[EXCERPTED RECORDS]

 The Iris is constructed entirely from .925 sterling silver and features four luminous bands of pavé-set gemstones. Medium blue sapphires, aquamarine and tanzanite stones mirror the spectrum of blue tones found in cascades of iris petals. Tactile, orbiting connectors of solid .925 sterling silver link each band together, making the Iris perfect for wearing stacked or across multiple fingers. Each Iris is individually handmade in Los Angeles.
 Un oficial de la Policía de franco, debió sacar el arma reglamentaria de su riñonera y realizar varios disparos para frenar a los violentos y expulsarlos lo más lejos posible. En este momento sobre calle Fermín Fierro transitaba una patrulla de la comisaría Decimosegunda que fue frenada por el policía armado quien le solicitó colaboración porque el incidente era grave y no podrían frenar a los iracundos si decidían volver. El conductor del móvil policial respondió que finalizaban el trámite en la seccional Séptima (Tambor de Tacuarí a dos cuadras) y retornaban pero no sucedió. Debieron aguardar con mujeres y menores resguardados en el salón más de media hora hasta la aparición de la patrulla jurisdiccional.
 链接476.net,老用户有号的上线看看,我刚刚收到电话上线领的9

[/EXCERPTED RECORDS]
[EXCERPTED RECORDS]

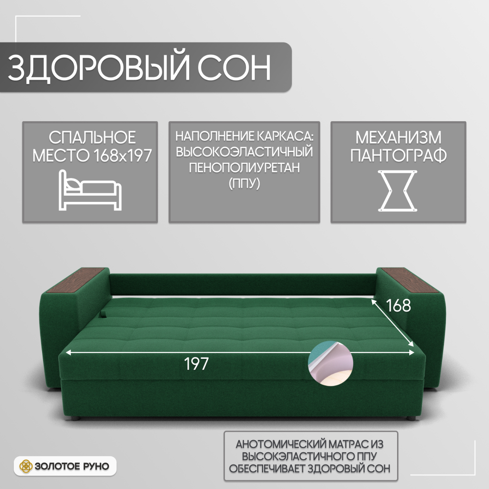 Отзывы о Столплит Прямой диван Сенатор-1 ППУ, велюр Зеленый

[/EXCERPTED RECORDS]
[EXCERPTED RECORDS]

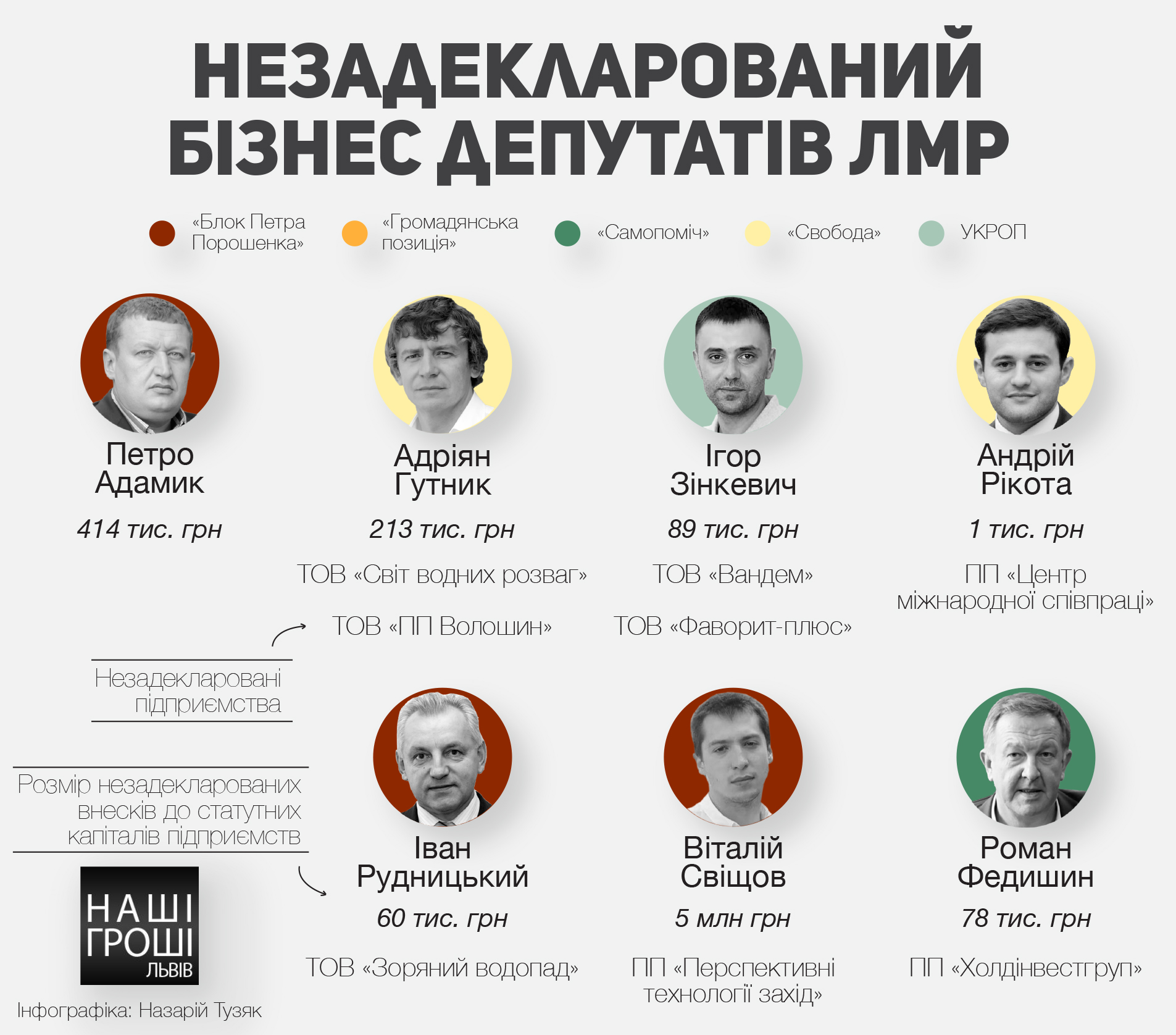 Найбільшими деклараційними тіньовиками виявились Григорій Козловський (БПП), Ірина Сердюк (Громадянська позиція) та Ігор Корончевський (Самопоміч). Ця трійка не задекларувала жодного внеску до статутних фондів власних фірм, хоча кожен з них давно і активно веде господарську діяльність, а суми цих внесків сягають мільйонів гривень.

[/EXCERPTED RECORDS]

DIRECTIONS: Within the material above, transcribe exactly the lines that run from the line holding "The Iris is" through the line holding "链接476.net,老用户有号的上线看看,我刚刚收到电话上线领的9".

ANSWER:
 The Iris is constructed entirely from .925 sterling silver and features four luminous bands of pavé-set gemstones. Medium blue sapphires, aquamarine and tanzanite stones mirror the spectrum of blue tones found in cascades of iris petals. Tactile, orbiting connectors of solid .925 sterling silver link each band together, making the Iris perfect for wearing stacked or across multiple fingers. Each Iris is individually handmade in Los Angeles.
 Un oficial de la Policía de franco, debió sacar el arma reglamentaria de su riñonera y realizar varios disparos para frenar a los violentos y expulsarlos lo más lejos posible. En este momento sobre calle Fermín Fierro transitaba una patrulla de la comisaría Decimosegunda que fue frenada por el policía armado quien le solicitó colaboración porque el incidente era grave y no podrían frenar a los iracundos si decidían volver. El conductor del móvil policial respondió que finalizaban el trámite en la seccional Séptima (Tambor de Tacuarí a dos cuadras) y retornaban pero no sucedió. Debieron aguardar con mujeres y menores resguardados en el salón más de media hora hasta la aparición de la patrulla jurisdiccional.
 链接476.net,老用户有号的上线看看,我刚刚收到电话上线领的9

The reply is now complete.